People. I’ve been sick. Sicker than I can ever remember being. Influenza A. The Flu. Did you know that it’s SO much worse than just a bad cold? I did not. Now I do. Today is Day 6 and I am only now beginning to understand that I will, in fact, be “myself” again—and that’s with the help of lots of remedies, east and west. And I’m actually not exaggerating.
The scariest thing about this week has been that I’ve actually felt my life force waning. As days went on, I could sense that this is something that kills people. I looked it up and I was right. I didn’t know that before. But I could feel it. My chi was dwindling; dying into only a tiny little flame. And it wasn’t just physical, but affected all of what we in Yoga call the Kosha, or sheaths: the layers of physical, energetic, mental, emotional (and beyond). Energetically I’ve had only enough life force to whisper. Emotionally, I’ve felt resentful that our rare, much needed Spring Break adventures were thwarted, then brittle, and then just plain sad. Mucky and heavy like clay. On the night of Day 4, a full Niagra Falls of tears came heaving through, as though a dam had been lifted. My sister hugged me, gave me sleeping pills, took my older son Lucca (Corey was dealing with the younger one, Elias—also sick with this hellacious bug), and sent me to bed. Mentally—and this came as a surprise to me—I could not, with each passing day, remember my own life before this. My healthy, vibrant life. “Who’s life was that? Why did I work so hard from morning until night? And how does one play? And why? What was the meaning again?” It got kind of scary. (All this, with an illness that I rationally knew would end. I have several loved ones who are sicker than I, and am almost embarrassed to write as I ponder how unthinkably far they’ve been pushed.)
Even though my eyes are only just now beginning to be able to focus on a screen, and my brain is just beginning to work well enough to string thoughts together, I can sense today that I’ve turned the corner back to health. It seems so apt that this is happening today on this Easter Day, this day of re-rising. From here, I want to share a few things with you about my journey into the dark world of sickness.
For today, I just want to share two things:
1. Healthy Creatures are Social Creatures. One of the byproducts of this bug has been that of course I’m keeping my distance from everyone around me. I’ve isolated myself. It’s only been a week, and I can sense that it’s part of why I have felt like a leaf cut from the vine, beginning to shrivel, and wondering if it’s job now is to return to the earth. This is not news to me, that we are social creatures, but now I get to live an example of it. I heard my sons running around with glee (Elias turned the corner before me) and because I could not engage with them, I felt alien to their spark for life. I heard Corey cooking them breakfast and then walking them down to the beach, and wondered how I was able to do any of that a few weeks ago.
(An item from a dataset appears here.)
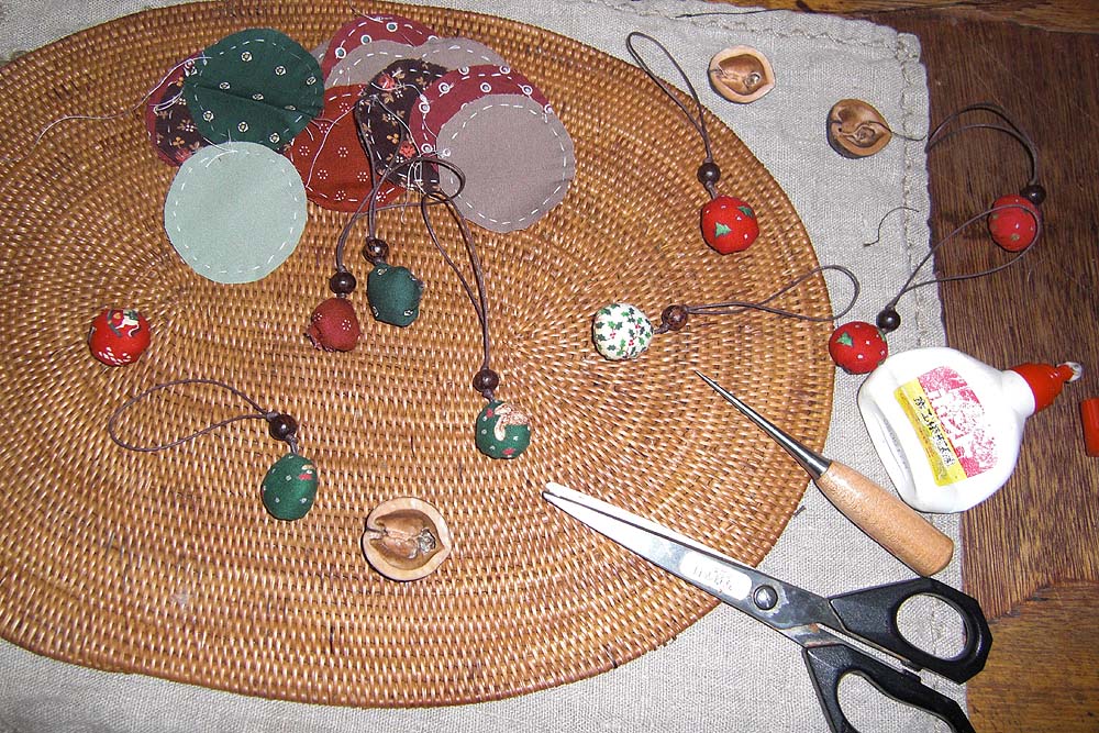 クリスマスツリーのオーナメントと携帯ストラップを作る事に。
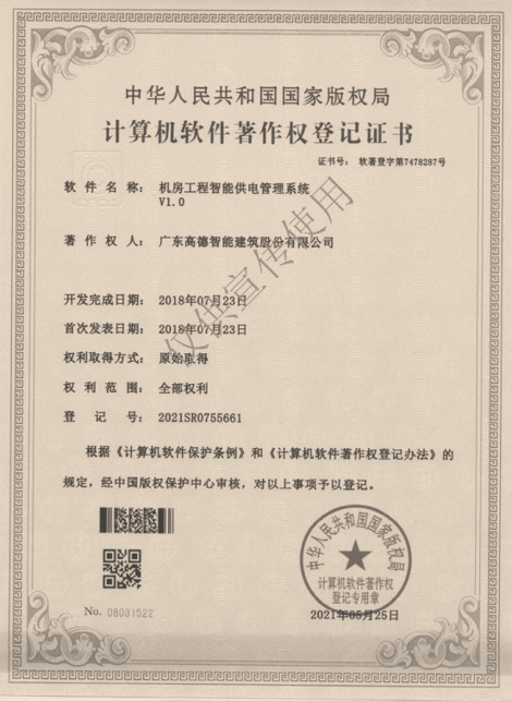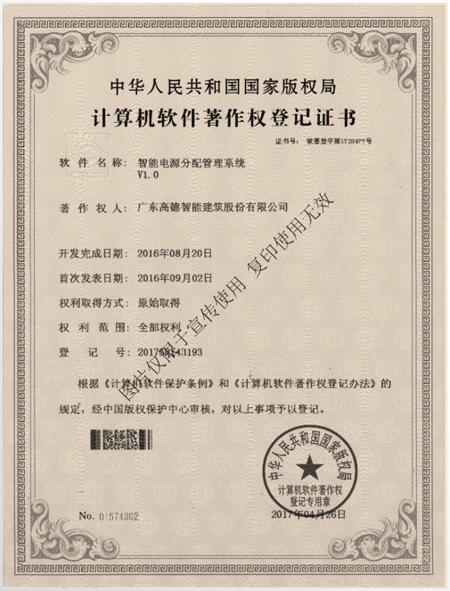 多功能智能控制配電柜證書

I felt other. I felt useless. I withdrew more. It’s a spiral. There are many studies and books about our need for each other—one I recommend to clients all the time is A General Theory of Love, all about our limbic systems and how we are literally wired for connection. And I’m not talking about personality here—you can be more introverted, you can like more privacy than the next person—but you’re still a social creature. The extent to which you cut yourself off from your own baseline need for connection with others will equal the extent to which you move towards death and away from life.
2. We Need Touch. Again, not news to me, and again, there are many studies about this, but now I get to experience it for myself with a deeper perspective. I’ve watched Corey tickle and snuggle the boys and longed to touch them but could not. In the knowledge that I could not, as I headed back upstairs to bed, a part of me felt like it was dying. I imagined the feeling of rubbing Lucca’s back while he leans into me, or of kissing the smooth of Elias’s pudgy cheek, and the turning away from it was just as painful as my bloody throat—a throat which caused the doctor to wince and prescribe me Codeine. The pain of physical disconnection was on a less visible plane but no less real. Today, now that my skin doesn’t hurt all over, Corey risked closeness and gave me a little backrub and I was shocked to feel the immediate response from my cells, as though they were rising up to meet his hands. Life force! Growing! It’s still in there! It was palpable and wonderful. A smile spread across my stubborn brow. Cracking that insidious darkness that had set in. I still can’t hug my kids—there are twenty-four more hours until we know that I’m no longer contagious—but I know I will hug them soon, and I can feel that fire of chi grow in the delight of such knowledge. Again, you might be anywhere on the spectrum of more physical to more private, but you’re still human and don’t fool yourself about that. The extent to which you cut yourself off from the kinds and amounts of physical touch that feel good to your body and soul will equal the extent to which you move towards death and away from life.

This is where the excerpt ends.